On Mon, May 2, 2016 at 1:30 PM, Luruo, Kuthonuzo
<kuthonuzo.luruo@xxxxxxx> wrote:
> Hi Dmitry,
> Thanks very much for your response/review.
>> I agree that it's something we need to fix (user-space ASAN does
>> something along these lines). My only concern is increase of
>> kasan_alloc_meta size. It's unnecessary large already and we have a
>> plan to reduce both alloc and free into to 16 bytes. However, it can
>> make sense to land this and then reduce size of headers in a separate
>> patch using a CAS-loop on state.
> ok.
>> Alexander, what's the state of your
>> patches that reduce header size?
>> I think there is another race. If we have racing frees, one thread
>> sets state to KASAN_STATE_QUARANTINE but does not fill
>> free_info->track yet, at this point another thread does free and
>> reports double-free, but the track is wrong so we will print a bogus
>> stack. The same is true for all other state transitions (e.g.
>> use-after-free racing with the object being pushed out of the
>> quarantine).
> Yes, I've noticed this too. For the double-free, in my local tests, the error
> reports from the bad frees get printed only after the successful "good"
> free set the new track info. But then, I was using kasan_report() on the
> error path to get sane reports from the multiple concurrent frees so that
> may have "slowed" down the error paths enough until the good free was
> done. Agreed, the window still exists for a stale (or missing) deallocation
> stack in error report.
>> We could introduce 2 helper functions like:
>> /* Sets status to KASAN_STATE_LOCKED if the current status is equal to
>> old_state, returns current state. Waits while current state equals
>> u32 kasan_lock_if_state_equals(struct kasan_alloc_meta *meta, u32 old_state);
>> /* Changes state from KASAN_STATE_LOCKED to new_state */
>> void kasan_unlock_and_set_status(struct kasan_alloc_meta *meta, u32
>> new_state);
>> Then free can be expressed as:
>> if (kasan_lock_if_state_equals(meta, KASAN_STATE_ALLOC) ==
>> free_info = get_free_info(cache, object);
>> quarantine_put(free_info, cache);
>> set_track(&free_info->track, GFP_NOWAIT);
>> kasan_poison_slab_free(cache, object);
>> kasan_unlock_and_set_status(meta, KASAN_STATE_QUARANTINE);
>> return true;
>> }
>> And on the reporting path we would need to lock the header, read all
>> state, unlock the header.
>> Does it make sense?
> It does, thanks! I'll try to hack up something, though right now, it's not entirely
> clear to me how to achieve this without resorting to a global lock (which would
> be unacceptable).

We can use per-header lock by setting status to KASAN_STATE_LOCKED. A
thread can CAS any status to KASAN_STATE_LOCKED which means that it
locked the header. If any thread tried to modify/read the status and
the status is KASAN_STATE_LOCKED, then the thread waits.
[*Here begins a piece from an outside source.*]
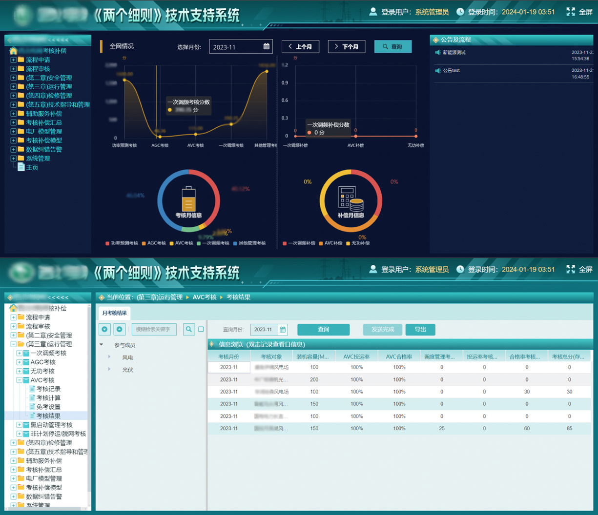 该系统通过自动化、透明化的管理方式,显著提升了电力公司进行“两个细则”日常考核补偿管理工作的执行效率,为新能源场站参与电网调节服务提供了规范化、可追溯的技术保障。

>> Please add the test as well. We need to start collecting tests for all
>> these tricky corner cases.
> Sure, a new test can be added for test_kasan.ko. Unlike the other tests, a
> double-free would likely panic the system due to slab corruption. Would it still
> be "KASANic" for kasan_slab_free() to return true after reporting double-free
> attempt error so thread will not call into __cache_free()? How does ASAN
> handle this?

Yes, sure, it is OK to return true from kasan_slab_free() in such case.
Use-space ASAN terminates the process after the first report. We've
decided that in kernel we better continue in best-effort manner. But
after the first report all bets are mostly off (leaking an object is
definitely OK).